Una búsqueda implica los siguientes pasos:

1) enriquecimiento

2) aislamiento selectivo (medios selectivos y/o diferenciales)

3) reaislamiento (medio no selectivo)

4) identificación

El objetivo de la etapa de enriquecimiento es aumentar el número del microorganismo que se desea


determinar y puede subdividirse en dos: preenriquecimiento y enriquecimiento selectivo. El
preenriquecimiento o enriquecimiento no selectivo suele hacerse solamente cuando los microorganismos
buscados están debilitados o dañados y se usan siempre medios nutrientes líquidos, no selectivos. El
enriquecimiento selectivo se realiza incubando la muestra en medios líquidos selectivos, ya sea en
presencia de agentes químicos o biológicos que favorecen el desarrollo en particular del o de los
microorganismos buscados frente al resto de los microorganismos acompañantes.

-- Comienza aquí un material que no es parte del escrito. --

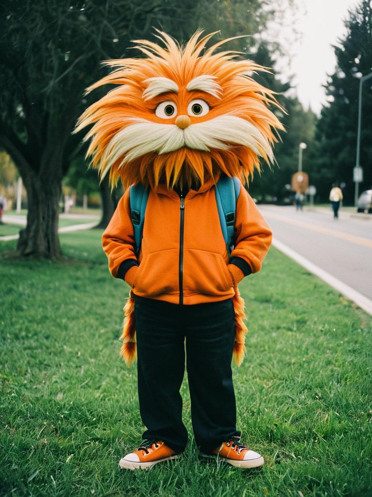 Man in Lorax Costume, photorealistic outdoor portrait in natural daylight
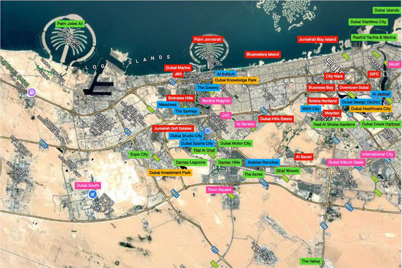 두바이 핵심지역을 5가지 유형으로 분류한 모습 Ⓒ슬로디미디어 블로그, 재인용=<나는 세금없는 두바이에서 집 산다>
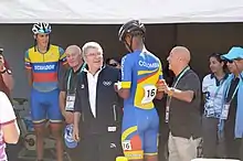 IOC President Thomas Bach congratulating roller skater Jhony Angulo Reina for his gold medal.
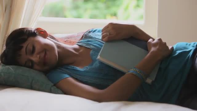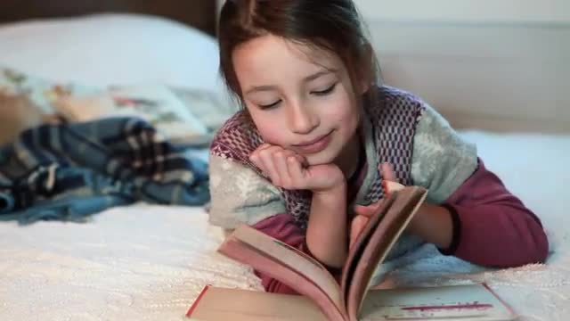 521931 - Young girl lying on bed reading book

Luego de cumplida la etapa de enriquecimiento se lleva a cabo la etapa de aislamiento, empleando la


técnica de estrías en superficie en medios sólidos selectivos y diferenciales. En estos medios deben
examinarse las colonias típicas para el tipo de microorganismo que estamos buscando. Las colonias
deben describirse por examen macroscópico en función del tamaño, la forma, el borde, la elevación, la
transparencia y el color. Esto resulta a veces muy útil en la identificación.

En el caso de medios selectivos las colonias aisladas deben aislarse nuevamente en un medio no
selectivo por el método de estrías. Esto se conoce como reaislamiento y es necesario para asegurar la
obtención de un CULTIVO PURO del microorganismo de interés. En los medios de aislamiento selectivos
puede ocurrir que una colonia característica del microorganismo que estamos buscando pueda contener
como contaminantes –en muy bajo número– otros microorganismos que no hayan crecido en este medio
por estar inhibidos, pero al subcultivarlos en condiciones favorables puedan crecer. El examen
microscópico de una colonia de un cultivo puro de un microorganismo debe mostrar células
razonablemente semejantes respecto al Gram y a la morfología.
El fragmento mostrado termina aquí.